Scientists Might Finally Have Answered Why The Most Important Meteorites Are So Rare

Scientists Might Finally Have Answered Why The Most Important Meteorites Are So Rare



The type of meteorites that could have been crucial to the origins of life are very rare, but the asteroids they come from are common. Astronomers have long had an explanation for this paradox, but couldn’t prove it. New research shows that explanation is only half the answer, with exposure to the Sun providing the rest.

Carbonaceous chondrite meteorites are rich in water and amino acids, the building blocks of life. With both expected to have been wiped from the surface of the Earth during the period when it was a magma ocean, the delivery of each in these meteorites has been considered likely to be key to us being here.

However, carbonaceous meteorites have been estimated to make up around 5 percent of meteorites, a limited supply for something so crucial. That rarity frustrates teams eager to study them, which is why the best specimens are so prized. However, surveys of the asteroid belt and inner Solar System have shown that the asteroids from which such meteorites come, including Bennu and Ryugu, are common.

Most meteorites come from families that can be matched to asteroids that moved out of the main belt some time ago and ventured into the inner Solar System. Models of these migrations suggest 50 percent of the objects hitting the top of Earth’s atmosphere should be carbon-rich

The obvious explanation is that the carbon-rich objects are weaker than other meteor types, and more likely to burn up in the atmosphere. Still, it is a big drop from 50 percent to 5. Dr Hadrien Devillepoix of Curtin University is part of a team that set out to explore the question. They used a sample of 7,982 meteorites, and data from cameras observing almost 8,000 objects hitting the atmosphere, particularly in deserts, to see what was going on.

The team found that carbonaceous meteorites are even rarer than usually estimated, just 4 percent of the sample. The asteroids from which they come are more common at the top of the atmosphere, but not as much as our asteroid surveys suggest. The discrepancy is explained by the fact that even before they have hit the atmosphere, carbonaceous asteroids are more likely to have been broken up into pieces so small they don’t cause a fireball, let alone make it to ground.

“We’ve long suspected weak, carbonaceous material doesn’t survive atmospheric entry,” Devillepoix said in a statement. “What this research shows is many of these meteoroids don’t even make it that far: they break apart from being heated repeatedly as they pass close to the Sun.”

The team reconstructed the orbits of the objects hitting the atmosphere based on their angles of impact. They realised there was a shortage of medium-sized carbonaceous objects whose orbits would have taken them close to the Sun. Meanwhile other asteroid types could stand the heat of the same locations much better. The team attribute carbonaceous objects’ vulnerability to heat exposure to the presence of volatiles (materials that easily turn to gas). Carbonaceous asteroids may survive a single passage relatively close to the Sun, but repeated exposure, even at distances similar to that of Venus, wears them down.

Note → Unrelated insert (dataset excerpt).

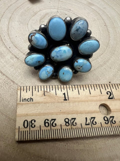 Experience authentic Navajo craftsmanship with the Dave Skeets Golden Hills Cluster Wide Band Ring, size 8. This striking piece features a bold cluster design inspired by the rugged beauty of the Western landscape.

The Sun’s heat and the Earth’s atmosphere create a double filter, making it quite a feat for any carbon-rich objects to make it to ground at all.

That explains why there is so much excitement when a fresh carbonaceous chondrite is found. “Carbon-rich meteorites are some of the most chemically primitive materials we can study — they contain water, organic molecules and even amino acids,” said Dr Patrick Shober of the Paris Observatory.

Devillepoix told IFLScience the findings may not have much implication in terms of meteorites’ capacity to seed life. Devillepoix noted the remains of the asteroids continue to orbit after the Sun has broken them up, and many still hit the Earth’s atmosphere as dust. Any water they carry will be absorbed in the atmosphere and eventually fall as rain. “It doesn’t matter if it is a large object or broken up in terms of water transport,” Devillepoix said. On the other hand, he is not sure whether amino acids would survive encounters when delivered in that form.

Orbit tracing also revealed that asteroids that had been tidally disrupted by passing close to a planet were particularly weak, but Devillepoix told IFLScience the team still doesn’t understand why.

The researchers were alerted to the solar filter by the velocities with which objects hit the atmosphere. It’s long been assumed that high velocity increases the chance an object will burn up, rather than making it to ground, just as the Apollo 13 crew needed to avoid hitting the atmosphere at too steep an angle. The team was surprised to discover that objects that dropped meteorites averaged slightly greater speeds than those that didn’t. As Devillepoix explained to IFLScience, “Things that get closer to the Sun will be more likely to impact Earth at higher velocity.” With Sun-grazing having already weeded out the weaker asteroids, those that have survived such orbits are also more likely to get through the atmosphere.

Devillepoix added there could be implications from this work for Planetary Defense. Carbonaceous asteroids are much darker than others, making it likely there are more of them lurking undetected, particularly close to the Sun where they are hard to see. Understanding their frequency could help us calculate risk.

The research is open access in Nature Astronomy.